Dayton Children’s offers curative treatment for sickle cell disease

Gene therapy, bone marrow transplant now provide cure for painful, chronic condition

Awo and her siblings

Dayton Children’s Hospital is giving patients that have been living with sickle cell disease a new beginning through two different curative treatments in partnership with Nationwide Children’s Hospital.

Sickle cell disease is a lifelong genetic disease that affects the red blood cells. Typically, red blood cells are oval-shaped but in individuals with sickle cell disease, the red blood cells become “sickled” in shape like a crescent moon. This can cause the cells to become stuck in small blood vessels. Individuals can experience pain and anemia and are at increased risk for strokes, organ damage, infections, and other serious health problems. Treatment for sickle cell varies from patient to patient but typically involves treating ‘pain crises,’ which can develop due to weather or overexertion.

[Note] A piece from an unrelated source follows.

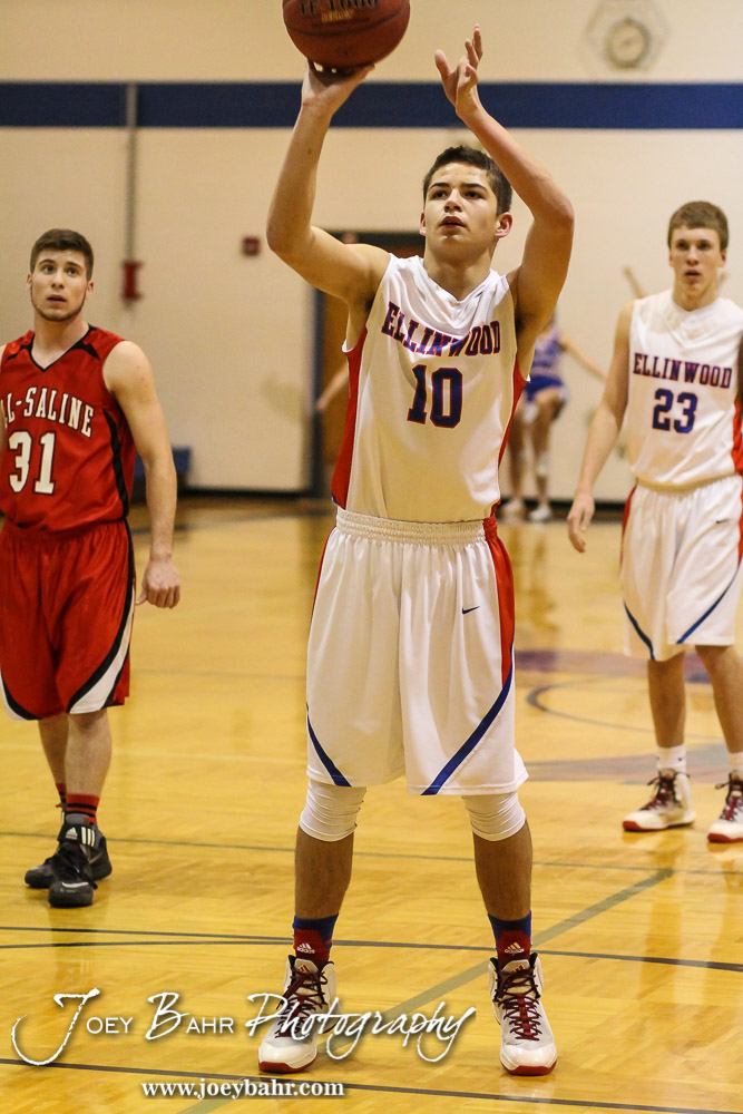Ellinwood Eagle Tyson Martinez (#10) shoots a free throw during the 2A Sub-State First Round Game with the Ellinwood Eagles vs the Ell-Saline Cardinals with Ellinwood winning 59 to 37 at Ellinwood High School in Ellinwood, Kansas on March 2, 2015. (Photo: Joey Bahr, www.joeybahr.com)

The new treatments available for sickle cell patients include gene therapy, which was recently approved by the Food and Drug Administration (FDA) and bone marrow transplant. Both treatments are available to eligible patients through the cellular therapy program, a collaboration between Nationwide Children’s Hospital and Dayton Children’s. This one program, two campus approach allows Dayton-area families to stay close to home for most of their care, while receiving expert transplant care from Nationwide Children’s, one of the top ten children’s cancer hospitals in the country. Nurse coordinators and hematology/oncology providers on both teams work with and support families through the whole process to help them navigate the journey.

“Sickle cell disease has long been known as a chronic, debilitating illness that affects thousands of children and adults,” said Mukund Dole, MD, pediatric hematologist and oncologist at Dayton Children’s. “I am humbled to be able to offer these curative treatment options to our sickle cell patients and give them the opportunity to live a life free of pain from sickle cell disease.”

treatment using gene therapy

In December 2023, the FDA approved two different gene therapy treatments, Casgevy and Lyfgenia, for sickle cell disease for patients 12 years and older. According to the FDA, the therapies are produced from the patients’ own blood stem cells, which are modified then given back as a one-time, single-dose infusion as part of a stem cell transplant. Prior to treatment, a patients’ own stem cells are collected, and then the patient must undergo high-dose chemotherapy, a process that removes cells from the bone marrow so they can be replaced with the modified cells. Following treatment, the patient is required to take medication to prevent rejection of the stem cells.

Dayton Children’s works with Nationwide Children’s to administer these therapies to eligible patients.

treatment using a bone marrow transplant

The other option for treatment is to undergo a bone marrow transplant. A bone marrow or stem cell transplant was previously the only curative option for sickle cell patients. It involves removing the abnormal stem cells in the bone marrow and replacing them with healthy ones from a donor, oftentimes the patient’s brother or sister. After the transplant is completed, the patient will stay at the hospital for several weeks for observation and to receive medication to prevent rejection of the new stem cells.

One of the first patients to benefit from this new treatment at Dayton Children’s was Awo (pictured), who spent the first 22 years of her life managing sickle cell disease; from the physical struggles of pain crises and hospital visits to the emotional ones – the impact on her schoolwork, social life and mental health.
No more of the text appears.